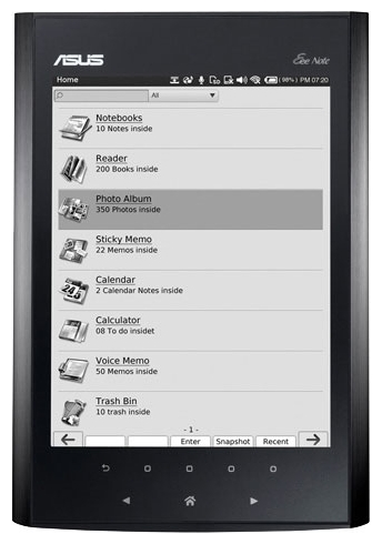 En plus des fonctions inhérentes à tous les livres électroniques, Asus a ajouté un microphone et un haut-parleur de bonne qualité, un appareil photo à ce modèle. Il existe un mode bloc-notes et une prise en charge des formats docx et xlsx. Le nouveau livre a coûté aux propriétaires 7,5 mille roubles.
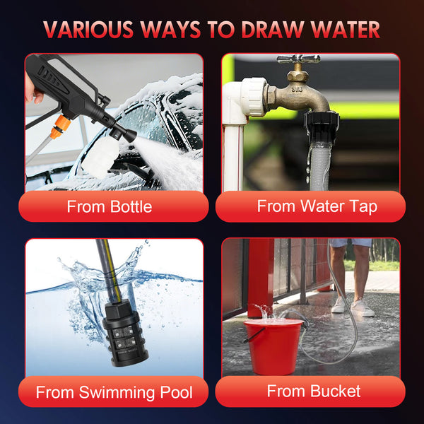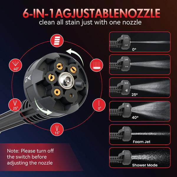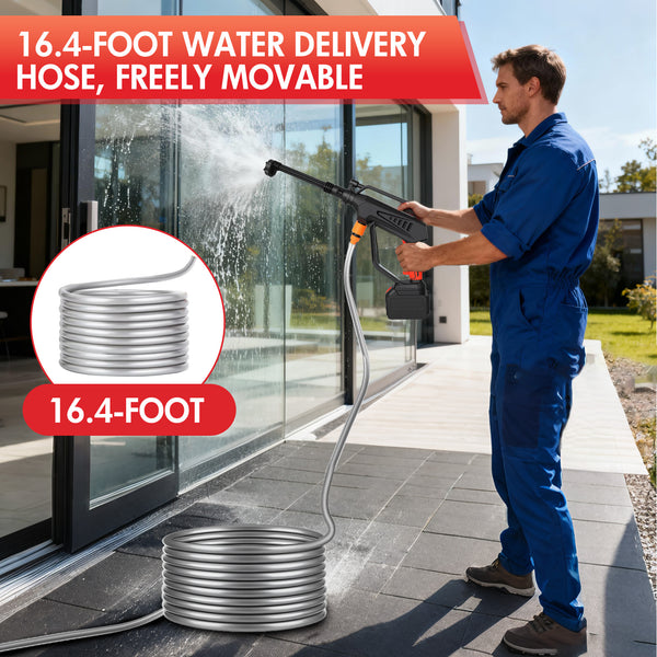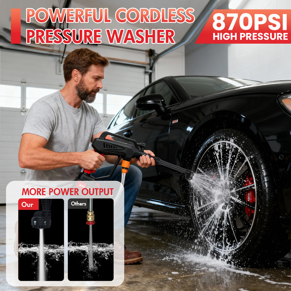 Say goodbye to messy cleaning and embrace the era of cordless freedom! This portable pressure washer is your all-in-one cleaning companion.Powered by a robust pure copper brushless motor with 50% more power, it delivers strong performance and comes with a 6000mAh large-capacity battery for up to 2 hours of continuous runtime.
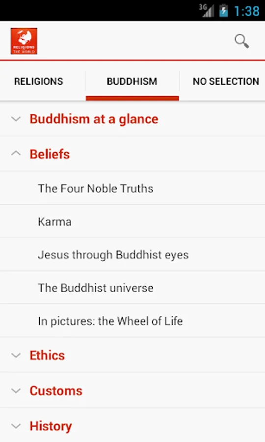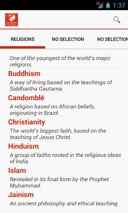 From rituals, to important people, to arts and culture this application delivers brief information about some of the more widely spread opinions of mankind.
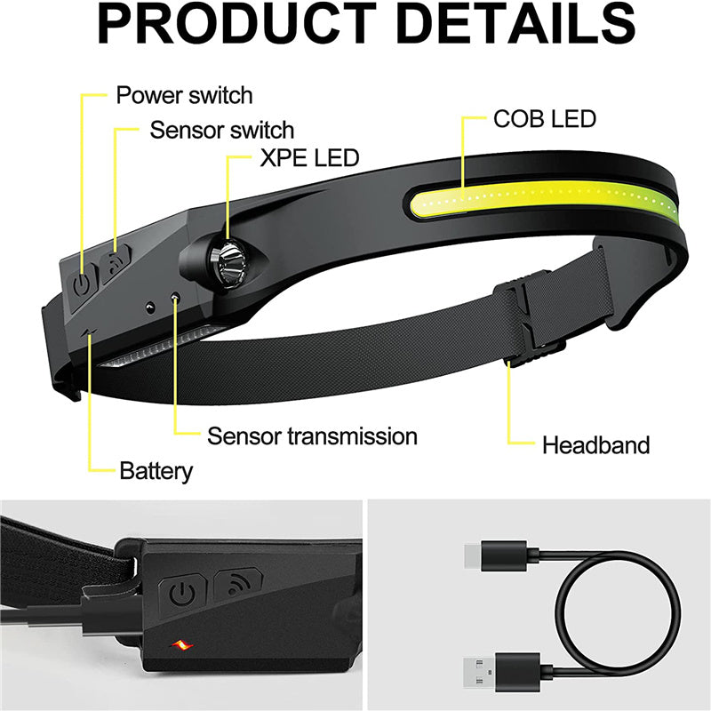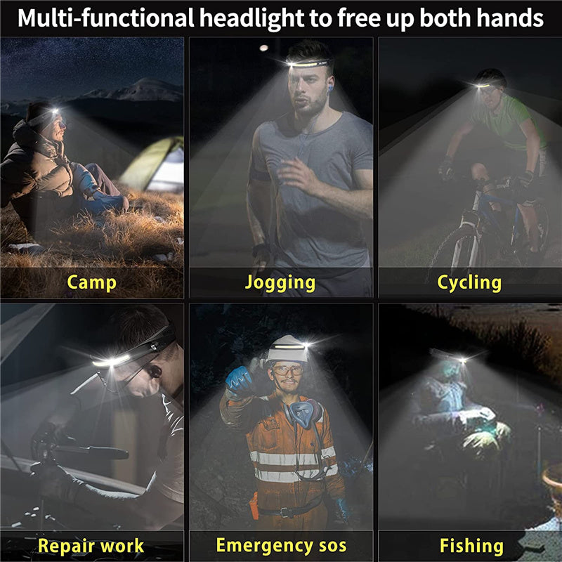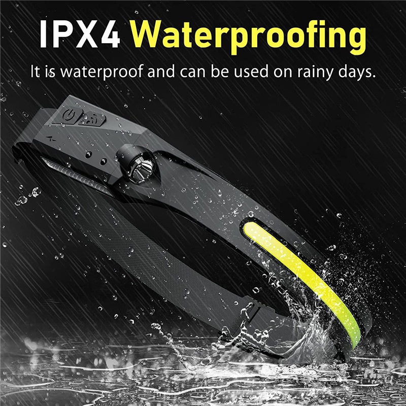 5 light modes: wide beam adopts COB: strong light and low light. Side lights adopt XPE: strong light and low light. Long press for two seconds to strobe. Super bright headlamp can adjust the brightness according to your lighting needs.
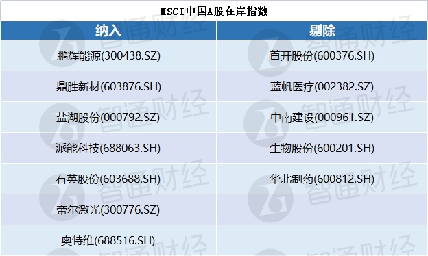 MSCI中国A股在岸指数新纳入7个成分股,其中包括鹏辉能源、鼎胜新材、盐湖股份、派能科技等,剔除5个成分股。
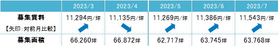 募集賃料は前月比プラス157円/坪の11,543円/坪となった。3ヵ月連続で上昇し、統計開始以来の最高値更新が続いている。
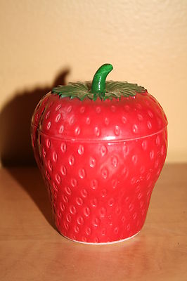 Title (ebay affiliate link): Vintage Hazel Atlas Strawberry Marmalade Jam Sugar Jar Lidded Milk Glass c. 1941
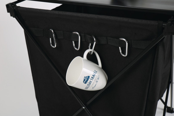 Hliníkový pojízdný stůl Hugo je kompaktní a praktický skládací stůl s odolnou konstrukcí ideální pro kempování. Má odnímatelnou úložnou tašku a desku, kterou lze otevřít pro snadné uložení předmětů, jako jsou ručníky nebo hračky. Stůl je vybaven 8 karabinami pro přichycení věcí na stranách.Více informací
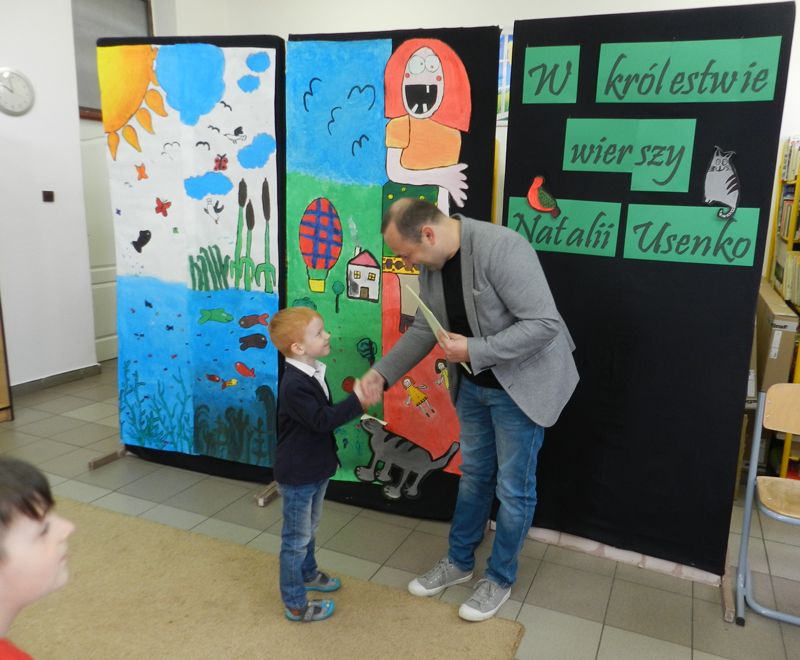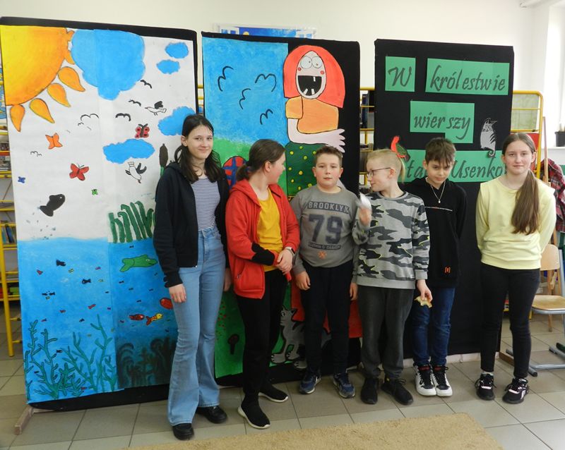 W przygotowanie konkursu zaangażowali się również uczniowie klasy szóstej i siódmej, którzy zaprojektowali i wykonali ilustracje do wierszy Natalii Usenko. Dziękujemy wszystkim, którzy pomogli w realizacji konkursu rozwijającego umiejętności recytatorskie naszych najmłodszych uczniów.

**Aim of the exercise**. Starting at the line containing "5 light modes: wide" and finishing at the line containing "Hliníkový pojízdný stůl", return those lines exactly as they appear above, without the pictures.

**Written response**.
 5 light modes: wide beam adopts COB: strong light and low light. Side lights adopt XPE: strong light and low light. Long press for two seconds to strobe. Super bright headlamp can adjust the brightness according to your lighting needs.
 MSCI中国A股在岸指数新纳入7个成分股,其中包括鹏辉能源、鼎胜新材、盐湖股份、派能科技等,剔除5个成分股。
 募集賃料は前月比プラス157円/坪の11,543円/坪となった。3ヵ月連続で上昇し、統計開始以来の最高値更新が続いている。
 Title (ebay affiliate link): Vintage Hazel Atlas Strawberry Marmalade Jam Sugar Jar Lidded Milk Glass c. 1941
 Hliníkový pojízdný stůl Hugo je kompaktní a praktický skládací stůl s odolnou konstrukcí ideální pro kempování. Má odnímatelnou úložnou tašku a desku, kterou lze otevřít pro snadné uložení předmětů, jako jsou ručníky nebo hračky. Stůl je vybaven 8 karabinami pro přichycení věcí na stranách.Více informací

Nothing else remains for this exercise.